Use of component tensor product in quantum mechanics?

[jk22]

suppose we consider the measurement operator A=diag(1,-1).

Then the tensor product of A by itself is in components : A\otimes A=a_{ij}a_{kl}=c_{ijkl}

giving c_{1111}=c_{2222}=1, c_{1122}=c_{2211}=-1 and all other component 0.

to diagonalize a tensor of order 4, we write :

c_{ijkl}b_{kl}=\lambda b_{ij}

hence in matrix form : \left(\begin{array}{cc} a-d & 0\\0 & -a+d\end{array}\right)=\lambda\left(\begin{array}{cc}a & b\\c & d\end{array}\right)

we have 2 cases :

\lambda\neq 0\Rightarrow b=c=0,a=-d\Rightarrow\lambda=2

the other case has eigenvalue 0.

Hence if we use the tensor product in component (instead of Kronecker product), we don't get an isomorphism for the eigenvalue, in other words the eigenvalues of the tensor product of operators is not the product of the eigenvalues.
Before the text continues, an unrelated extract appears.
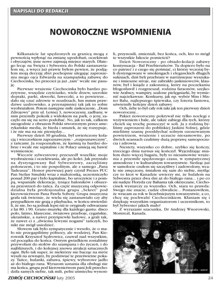 NAPISALI DO REDAKCJI NOWOROCZNE WSPOMNIENIA KilkanaÊcie lat sp´dzonych za granicà mogà z pewnoÊcià wp∏ynàç na zmian´ upodobaƒ, oczekiwaƒ i obyczajów, inne nowe zajmujà miejsce starych. Dlatego lecàc na Âwi´ta i Sylwestra do Polski zastanawia∏em si´, a wr´cz ju˝ prawie by∏em pewien, ˝e podjà∏em mojà decyzj´ zbyt pochopnie ulegajàc zaproszeniu mego ojca Edwarda na szampaƒskà zabaw´ do Ciechocinka, bo przecie˝ ja ju˝ „tam” wcale nie pasuj´. Pierwsze wra˝enie Ciechocinka by∏o bardzo pozytywne, wsz´dzie czyÊciutko, wiele drzew, szerokie deptaki, parki, skwerki, ∏aweczki, a to powietrze... da∏o si´ czuç zdrowie w nozdrzach, hm mmm prawdziwe uzdrowisko, a przynajmniej tak jak to sobie wyobra˝a∏em. Potem nast´pne mi∏e zaskoczenie, „Dom Zdrojowy” przy ul. LeÊnej 3, nowoczesny, zadbany, w nim przemi∏y pokoik z widokiem na park, o jeny, zacz´∏o mi si´ na serio podobaç. No, jak to tak, ca∏kiem niezgodnie z obrazem Polski stworzonym przez amerykaƒskie media, ˝e bieda i smutek, ˝e si´ rozsypuje, i ˝e nie ma na nic pieni´dzy... Pierwszy dzieƒ 30 grudnia, by∏ uwieƒczony kolacjà i wieczorkiem zapoznawczym - „rozpoznawczym”, z taƒcami. Ja rozpozna∏em, ˝e karmià tu bardzo dobrze i wcale nie szpitalnie i ˝e Polacy umiejà si´ bawiç wyÊmienicie. Wieczór sylwestrowy przeszed∏ wszelkie moje wyobra˝enia i oczekiwania, ale po kolei. Jak przysta∏o na dystyngowany Bal Sylwestrowy, zacz´liÊmy polonezem, i to nie pospolitym, ale z samego „Pana Tadeusza”. Honor pierwszej pary czyni∏ Prezes PUC Pan Stefan Smulski wraz z ma∏o˝onkà, uczestniczy∏o ponad 200 par i by∏o kapitalnie, bo uroczyÊcie i z pompà, wspania∏e dekoracje, tysiàce baloników i obszerna przestrzeƒ do taƒca. Za cz´Êç muzycznà odpowiedzialna by∏a profesjonalna grupa „Sekret” pod kierownictwem Pana Paw∏a Soboty. Grupa muzyczna gra∏a tak Êwietnie, ˝e wielu si´ zastanawia∏o czy aby przypadkiem nie grajà z playbacku, w koƒcu stwierdzili, ˝e nie, bo sà jednak lepsi ni˝ te orygina∏y odtwarzane z lat 80. i 90. Grano muzyk´ dla ka˝dego gustu: disco polo, latino, klasyczne, Êwiatowe przeboje, cygaƒskie, ukraiƒskie, a nawet przyÊpiewki ludowe, a grali tak, ˝e nawet ci z „dwiema lewymi nogami” taƒczyli, bo nikt nie móg∏ usiedzieç. S∏owem tak by∏o sympatycznie i weso∏o, ˝e o ma∏o nie przegapiliÊmy pó∏nocy, ale wodzirej, Pan Kierownik Krzysztof S´drowicz, czuwa∏ nad wszystkim, od poczàtku do koƒca. Ostrym gwizdkiem zostaliÊmy przywo∏ani do sto∏ów do szampana i do ˝yczeƒ, i do najbli˝szych, i do kolejnej znowu atrakcji sztucznych ogni. By∏o tak super, ˝e niektórzy nie baczàc na mróz wyszli na zewnàtrz, by podziwiaç te przeÊwietne pokazy. Taƒce, hulanki, zabawa, Êpiewy, wyborowe jad∏o a˝ do bia∏ego rana. Wyrazom uznania dla obs∏ugi nie ma koƒca, grupa pod kierownictwem pani Joli przechodzi∏a samych siebie, tak mili, pe∏ni uÊmiechu wynosi- ZDRÓJ CIECHOCI¡SKI luty 2005 li, przynosili, zmieniali, bez koƒca, och, kto to móg∏ te wszystkie ∏akocie pomieÊciç? Dzieƒ Noworoczny - po obiado-kolacji zabawy kontynuacja - Bal Przebieraƒców. Tu dopiero by∏o na co patrzeç i z czego si´ poÊmiaç, ci którzy wczoraj byli dystyngowani w smokingach i eleganckich d∏ugich sukniach, dziÊ byli przebrani w naró˝niejsze wyszukane i Êmieszne stroje, nie zabrak∏o jaskiniowców, klaunów, by∏ i ksiàdz z zakonnicà, który na poczekaniu b∏ogos∏awi∏ i rozgrzesza∏, rodzina faraonów, szejkowie Arabscy, wampiry, szalone piel´gniarki, by wymieniç najciekawsze. Konkursy, jak np. wybór Miss i Mister Balu, najlepszego Êpiewaka, czy loteria fantowa, uÊwietni∏y kolejny dzieƒ zabawy. Och, ˝eby to by∏ ca∏y rok taki jak ten pierwszy dzieƒ noworoczny... Pakiet noworoczny pokrywa∏ nie tylko noclegi z wy˝ywieniem i bale, ale tak˝e zabiegi dla tych, którzy chcieli si´ troch´ pomoczyç w soli. Ja z rodzinà byliÊmy zaproszeni do pobliskiej Jaskini Solnej, gdzie mieliÊmy szans´ pooddychaç solnym ozonowanym powietrzem, wra˝enie i uczucie niesamowite, po dwóch seansach czuliÊmy du˝à popraw´ samopoczucia i zdrowia. Niestety, wszystko co dobre, szybko si´ koƒczy, trzeciego dnia turnus si´ koƒczy∏. Wyje˝d˝ajàc mia∏em du˝o wi´cej baga˝u, by∏y to niesamowite wra˝enia z przemile sp´dzonego czasu, w sympatycznej atmosferze i w kulturalnym towarzystwie. Siedzàc ju˝ w samolocie czu∏em si´ szcz´Êliwy i zadowolony, wcale nie zm´czony, Êmia∏em si´ sam do siebie, myÊlàc czy to ktoÊ w Kanadzie uwierzy mi, ˝e hula∏em na Sylwestra przez dwa dni a˝ do bia∏ego rana... i po co mi nad´te Floryda czy Bahama tak okrzyczane, Ciechocinek wystarczy za wszystko. Och, stara to prawda: Swego nie znacie, cudze chwalicie... Postanowi∏em, ˝e wracam za rok w liczebniejszym towarzystwie, a co, chc´ si´ pochwaliç Ciechocinkiem. K∏aniam si´ i dzi´kuj´ wszystkim organizatorom i uczestnikom, to by∏ Sylwester jakich ma∏o! Z wyrazami szacunku, Dr Andrzej Wnorowski, Montreal, Kanada. fotografia - autor 24

Does anyone know if the tensor product has any meaning in quantum mechanics ?

 

[Bill_K]

Don't understand. The definition of the tensor product is
A \otimes B = \left( \begin{array}{cccc}a_{11}b_{11}&a_{11}b_{12}&a_{12}b_{11}&a_{12}b_{12} \\a_{11}b_{21}&a_{11}b_{22}&a_{12}b_{21}&a_{12}b_{22} \\a_{21}b_{11}&a_{21}b_{12}&a_{22}b_{11}&a_{22}b_{12} \\a_{21}b_{21}&a_{21}b_{22}&a_{22}b_{21}&a_{22}b_{22} \end{array} \right)
Substitute your form for A, and what you get is sure enough diagonal, with eigenvalues ±1.

 

[jk22]

Indeed. I made a mistake, the application of the tensor on the multivector is C_{ijkl}d_{jl}

Thanks for your help.